Mix in any spices you want at a ratio of about 1-2 teaspoons of dried spice to 1 cup mixture. You can really go with what you like here – or nothing at all.
I went with just a couple of pinches of sea salt for most of the crackers, and, added a little bit of cinnamon and coconut sugar to the small balance I had after I filled up the first jelly roll tray.
Spread into a jelly roll tray or Teflex sheet in an even layer with a spatula. When making crackers, I use the height of the jelly roll tray to dictate how thick to make the crackers.
The 2:2 ratio gave me one totally full tray, and one partially full tray. This will vary based on your dehydrator.
If you like very regularly-shaped crackers, you can pre-score them so they will break easily when dry. I don’t care so much about regularity, so I didn’t do this step and just broke them up by hand.
Dehydrate for 12-15 hours, until desired crispness is reached, and break apart into crackers. I like to put things in to dry before bed, so they are done in the morning.

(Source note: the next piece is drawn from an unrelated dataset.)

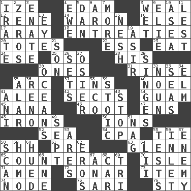ACROSS 1. Ending with capital 4. Dutch treat 8. Welt 12. French philosopher Descartes 14. Make _____ (do battle with) 16. Otherwise 17. Like ___ of sunshine 18. Pleas 20. Hauls 22. Double-curved letter 23. Ingest 24. Compass dir. 25. Bear (Spanish) 28. Part of HMS, perhaps 30. Washington bills 31. Remove soap 35. Curve 37. Metal containers 40. Christmas carol 41. Toward shelter 42. Religious groups 44. Island territory of the United States 45. Nanny 46. Carrot, for example 47. Followers of ems 48. Metal shackles 50. Charged particles 52. Ocean 54. Numbers guy (abbr.) 55. Standoff 58. Quiet! 61. Before (prefix) 63. American astronaut and politician John 65. Neutralize 70. Small island 71. So be it 72. Underwater navigation system 73. A distinct part 74. Thickened enlargement 75. Indian skirt 76. Filthy place DOWN 1. Feeling or showing extreme anger 2. Nothings 3. Related on the mother's side 4. She-sheep 5. One of the 12 tribes of Israel 6. Nonscientific branch of learning 7. Greater amount 8. Soggy 9. Writer Wiesel 10. Toward the sea 11. For fear that 13. Sight organ 15. Delicate 19. SW Saudi Arabia district 21. Male offspring 26. Arranges properly for use 27. Flexible twig of a willow tree 29. Burns superficially 30. Seas 32. Part of speech 33. Oceans 34. Shade tree 35. Having or resembling wings 36. Former U.S. Attorney General Janet 38. Non-commissioned officer (abbr.) 39. Unemotional 41. Cuckoo 43. Halt 49. Back-to-school mo. 51. Tired old horse 53. Ancient Greek god of war 55. Trials 56. An arm off of a larger body of water 57. Foe 58. Skim 59. Like (prefix) 60. Took on color 62. Greek god of love 64. Cards in a Roman deck? 66. Compass dir. 67. Santa ___, CA 68. 4-wheeled motor vehicle 69. Three (prefix)

You may have to flip them over and dry the opposite side if they still seem wet on the backside when you’re done with the top side. Just flip them over, and dry another 2-3 hours on the backside.
My batch started drying at 7 p.m., and, when I got up at 7 a.m., they needed 2 more hours on the backside.
Break into pieces and store in an airtight container.
If you look closely in the above photo, you’ll see a very small portion of my sweet Pipa dog hovering around in the top left. Oops, here she is again!
Have a great week, and thanks for reading!